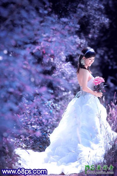 photoshop调出蓝紫色外景MM婚纱照
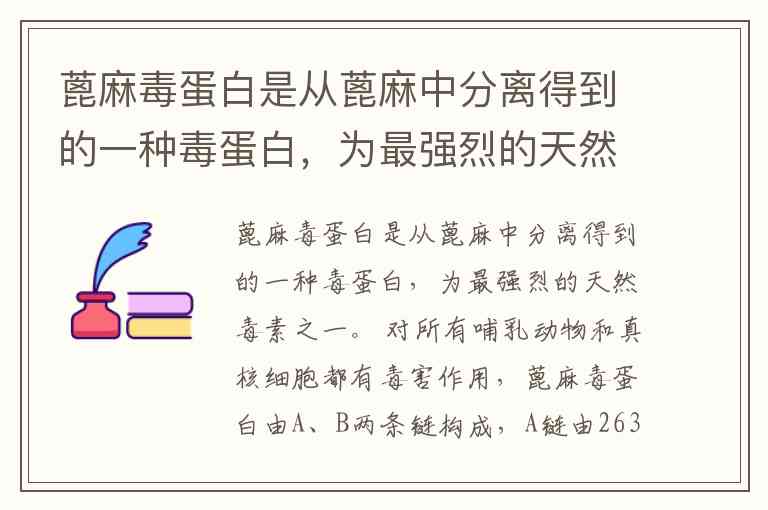 蓖麻毒蛋白是一种毒蛋白,由 A、B 两条肽链组成。
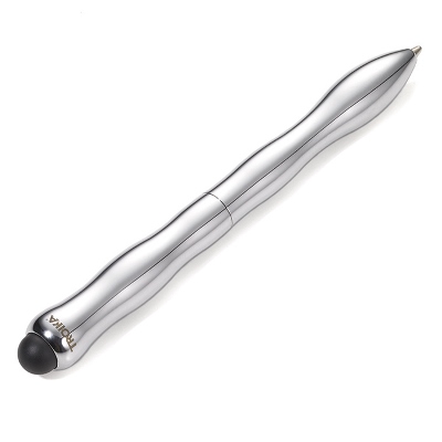 Waves- комбінація кулькової ручки та стілусу для iPad, iPhone та інших планшетних ПК з сенсорним екраном. Ручка невелика за формою і завдяки хвилеподібній формі чудово лягає в руці. Troika & Waves - Стілус + кулькова ручка Waves. Функціональність: • стілус для iPad, iPhone та інших планшетних ПК із сенсорним екраном Характеристики: • Механізм висування стержня: поворотний • Розміри (ВхШхД), мм: 99 х 11 х 11 мм • Вес, г: 14 г • Колір корпусу: сріблястий • Колір чорнила: чорний •Матеріал : алюміній Німецький бренд Troika- це практичність, якість матеріалів та стиль.
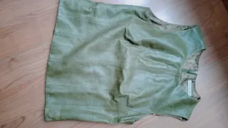 Chaleco de piel en tono verde. Un básico versátil para cualquier armario. - Diseño sin mangas. - Costuras detalladas.
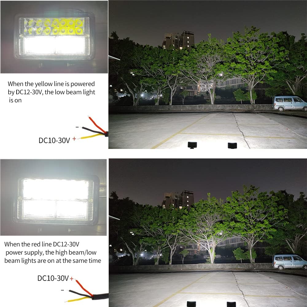 Item: led tractor lightsSize: Approx 6 inchOperate Voltage: DC 10-30VLED Power: about 40W each lights, about 80W each pair lightsBrightness: about 4000 lm each lights, about 8000 lm each pair lightsBeam: Spot beam & Flood beamLights color: WhiteColor Temperature: 6000±200kLamp shell color: all black Shell profile: die-cast aluminum alloyLens Material: Optical PC lensLens Type: New Electroplated Reflector Lens Waterproof rate: IP67WorkingTemperature: -40 ~ 85 degree Celsius Working life: more than 50,000 hoursInterface-3 line interface:The black line is negative (Connect the power negative or bypass)Red positive strong beam (The near and far lights turn on at the same time)Yellow positive low beam (Control the near-light)Product includes:2X LED tractor lights2X Installation screws and nutsNote :1: Manual measuring, please allow 1 ~ 3mm error,thank you.2: Due to the difference between different monitors, the picture may not reflect the actual color of the item. We guarantee the style is the same as shown in the picture.3: Please match the wiring hardness with correct operating voltage.
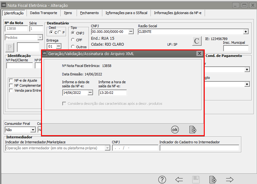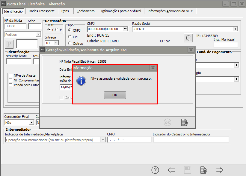 Serão apresentadas as informações do XML que foi gerado, clique em OK
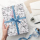 Black & White Easter Eggs, Chicks & Spring Flowers Wrapping Paper
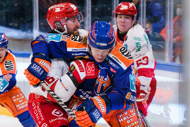 Saku Salmisella on ahdasta Vaasan Sportin Shaun Heshkan puristuksessa. Tiukkaa oli Salmisella myös löytää vakioroolia Tapparan kovassa puolustusmiehistössä, mutta hommat hoituivat niin seitsemännen pakin kuin tarvittaessa nelosketjun laitahyökkääjänkin roolissa ja kokemusta kertyi runkosarjan aikana 42 ottelussa.

════════

→ Assigned task: Leave the pictures out and print the whole listing precisely.

→ Task output:
 photoshop调出蓝紫色外景MM婚纱照
 蓖麻毒蛋白是一种毒蛋白,由 A、B 两条肽链组成。
 Waves- комбінація кулькової ручки та стілусу для iPad, iPhone та інших планшетних ПК з сенсорним екраном. Ручка невелика за формою і завдяки хвилеподібній формі чудово лягає в руці. Troika & Waves - Стілус + кулькова ручка Waves. Функціональність: • стілус для iPad, iPhone та інших планшетних ПК із сенсорним екраном Характеристики: • Механізм висування стержня: поворотний • Розміри (ВхШхД), мм: 99 х 11 х 11 мм • Вес, г: 14 г • Колір корпусу: сріблястий • Колір чорнила: чорний •Матеріал : алюміній Німецький бренд Troika- це практичність, якість матеріалів та стиль.
 Chaleco de piel en tono verde. Un básico versátil para cualquier armario. - Diseño sin mangas. - Costuras detalladas.
 Item: led tractor lightsSize: Approx 6 inchOperate Voltage: DC 10-30VLED Power: about 40W each lights, about 80W each pair lightsBrightness: about 4000 lm each lights, about 8000 lm each pair lightsBeam: Spot beam & Flood beamLights color: WhiteColor Temperature: 6000±200kLamp shell color: all black Shell profile: die-cast aluminum alloyLens Material: Optical PC lensLens Type: New Electroplated Reflector Lens Waterproof rate: IP67WorkingTemperature: -40 ~ 85 degree Celsius Working life: more than 50,000 hoursInterface-3 line interface:The black line is negative (Connect the power negative or bypass)Red positive strong beam (The near and far lights turn on at the same time)Yellow positive low beam (Control the near-light)Product includes:2X LED tractor lights2X Installation screws and nutsNote :1: Manual measuring, please allow 1 ~ 3mm error,thank you.2: Due to the difference between different monitors, the picture may not reflect the actual color of the item. We guarantee the style is the same as shown in the picture.3: Please match the wiring hardness with correct operating voltage.
 Serão apresentadas as informações do XML que foi gerado, clique em OK
 Black & White Easter Eggs, Chicks & Spring Flowers Wrapping Paper
 Saku Salmisella on ahdasta Vaasan Sportin Shaun Heshkan puristuksessa. Tiukkaa oli Salmisella myös löytää vakioroolia Tapparan kovassa puolustusmiehistössä, mutta hommat hoituivat niin seitsemännen pakin kuin tarvittaessa nelosketjun laitahyökkääjänkin roolissa ja kokemusta kertyi runkosarjan aikana 42 ottelussa.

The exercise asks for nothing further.